The fundamental limits are the speed of light (i.e. latency) and heat generation. We are pushing both: compare the heat flux with that in a kettle or nuclear reactor, and the time it takes a signal to get across a chip (worse: to another chiplet) with the clock period.
The AMD/intel chips (and SMP big iron) all rely on cache coherency. The messages associated with cache coherency protocols become a limiting factor: too many messages, too long latency.
There are a few techniques for not requiring cache coherency, e.g. CSP and descendents, or MapReduce etc. We need more techniques.
You are right. There are two ways of looking at the situation, and I was mainly promoting the other way.
One way is what is the maximum number of cores you can have. (Ignoring the practicalities or limits on how many cores a system/program can usefully use). So I meant that in theory. Assuming there is going to continue to be, ever lower cost cores, in the future.
So (hypothetically), at some future date, we may see (domestic home computers), with 1,000 cores, and maybe later still 1,000,000. Later still even a billion or trillion cores. It is not clear, where the boundaries are going to be (especially if quantum computers, become a thing), and at what cost.
The fastest computer, I can quickly find by googling (Summit), seems to have around 2.5 million cores.
https://www.top500.org/system/179397Cores: 2,414,592
So, presumably, one day we will see home computers, with that kind of power (2.5 million cores, Theoretical Peak (Rpeak) 200,795 TFlop/s), for under $1,000. But when ?
2021, 2030, 2050/60, 2199, 9998 ?
But on the other hand (what you seem to be describing), there are limits as to how many cores an actual real life problem or program(s), can actually, really use.
For some problems, such as converting a long video, from one format to another (or compressing it), the video, can be split into hundreds of thousands of individual frames, and each frame can have millions of pixels.
So, millions of cores, can fairly easily be used in parallel.
But many other problems, need communications (such as the cache you mentioned, as part of shared memory), which can severely limit the number of cores that can be usefully used to parallelize a particular task.
Also (as you said), latency, can be the fundamental limit. Which can be the case, especially in some real time embedded systems. E.g. A car, which essentially has to respond to certain events (such as air bag deployment), in rather limited amounts of time. Otherwise the accident (or whatever the driver/car was trying to do), is over, and it is too late.
So, things like the XMOS xCORE, may well help provide a starting point for such work. Which is what the Inmos Transputer, and its Occam programming language. Were trying to achieve, many years ago.

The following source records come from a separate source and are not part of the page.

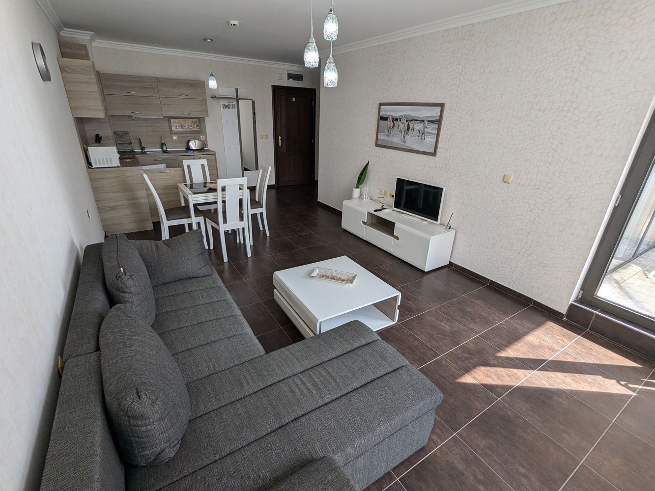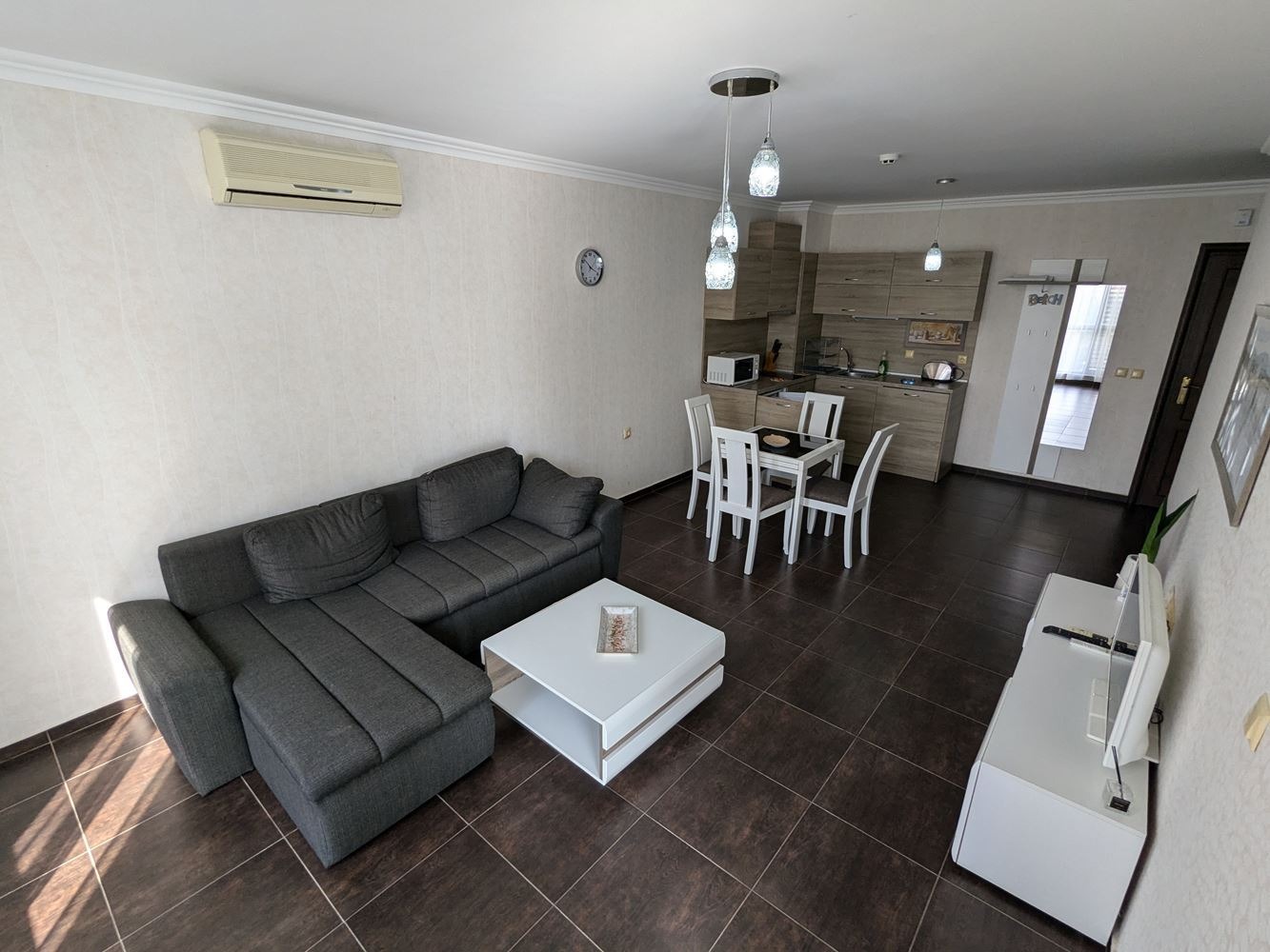 Предлагаме за продажба стилно обзаведен двустаен апартамент с красива гледка към морето на първа линия в к-с Долче Вита 2 в гр. Свети Влас, непосредствено до плажа, до яхтеното пристанище Марина Диневи . Апартаментът е с площ от 61 кв.м и е разположен на трети жилищен етаж. Състои се от просторна дневна с кухненски бокс и кът за хранене, зона за отдих, спалня, баня с душ-кабина и тоалетна, просторна тераса с панорамна гледка към морето. Апартаментът е напълно оборудван и обзаведен. Комплексът предлага: басейн с детска секция, ресторант, кафе, магазин за хранителни стоки, безплатен паркинг, целогодишна охрана и поддръжка. Акт 16. Таксата поддръжка е 10 евро н акв.м. на година. Жилището е изключително подходящо за живеене и отдаване под наем целогодишно.
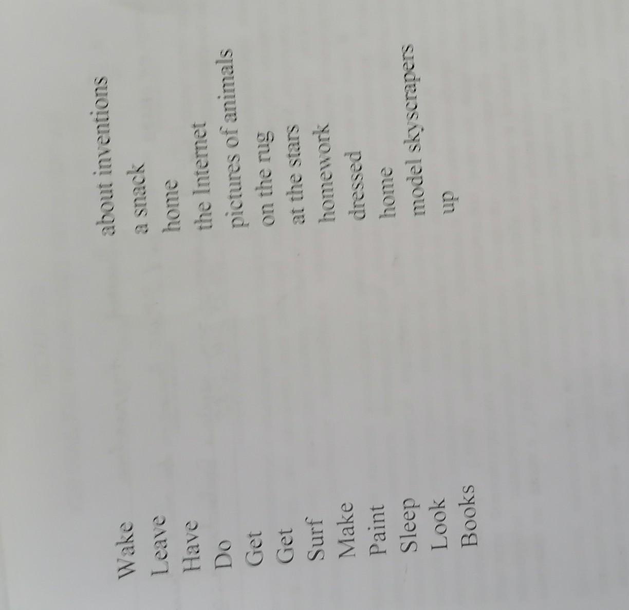 wake up, do homework, look at the stars, get on the rug, get home, surf the internet, paint pictures of animals, leave home, books about inventions, have a snack, make model skyscrapers, sleep dressed
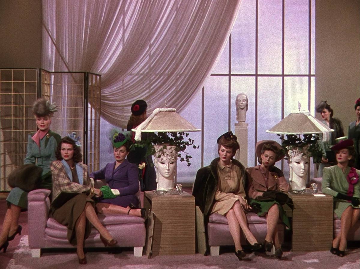 This musical starring Rita Hayworth and Gene Kelly isn’t as much a “fashion movie” in the literal sense that others on this list are, but because it is about a fashion magazine’s cover girl search I do believe it qualifies. The reason I come back to this movie again and again is because this is technicolor at it’s most vivid and stylized. The many costumes for the musical numbers in this one are amazing because of the technicolor. Below is my favorite capture from this movie, here hopeful would-be covergirls wait for their interview with the editor. I love the set designs of this movie, and I found myself making color palette swatches to reference for styling later! Everything about Gene Kelly is inherently stylish too, which enhances the “fashion” factor of this movie.
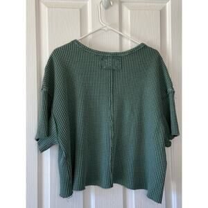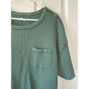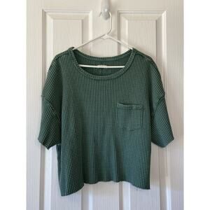 Pilcro Urban Outfitters Green Waffle Raw Hem Oversized Pocket Tee Shirt Small
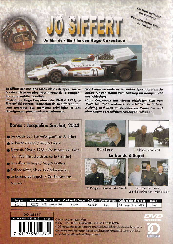 Réalisé par Hugo Corpataux de 1969 à 1971, ce film officiel retrace l'ascension de Jo Siffert en faisant partager des moments privilégiés et des témoignages personnels exceptionnels.

Sadly, the reality is that single core performance, is still the main performance factor, for many things, and C/C++ (like) languages, rather than highly parallel languages, are still the norm.
tl;dr
Even if hardware, with many cores, becomes cheap and common place. The software to use such potentially huge computing power, could be a decade or many decades away. In a number of cases, it is theoretically believed, that it is not even possible (such as what is known as Amdahl's law).
https://en.wikipedia.org/wiki/Amdahl%27s_law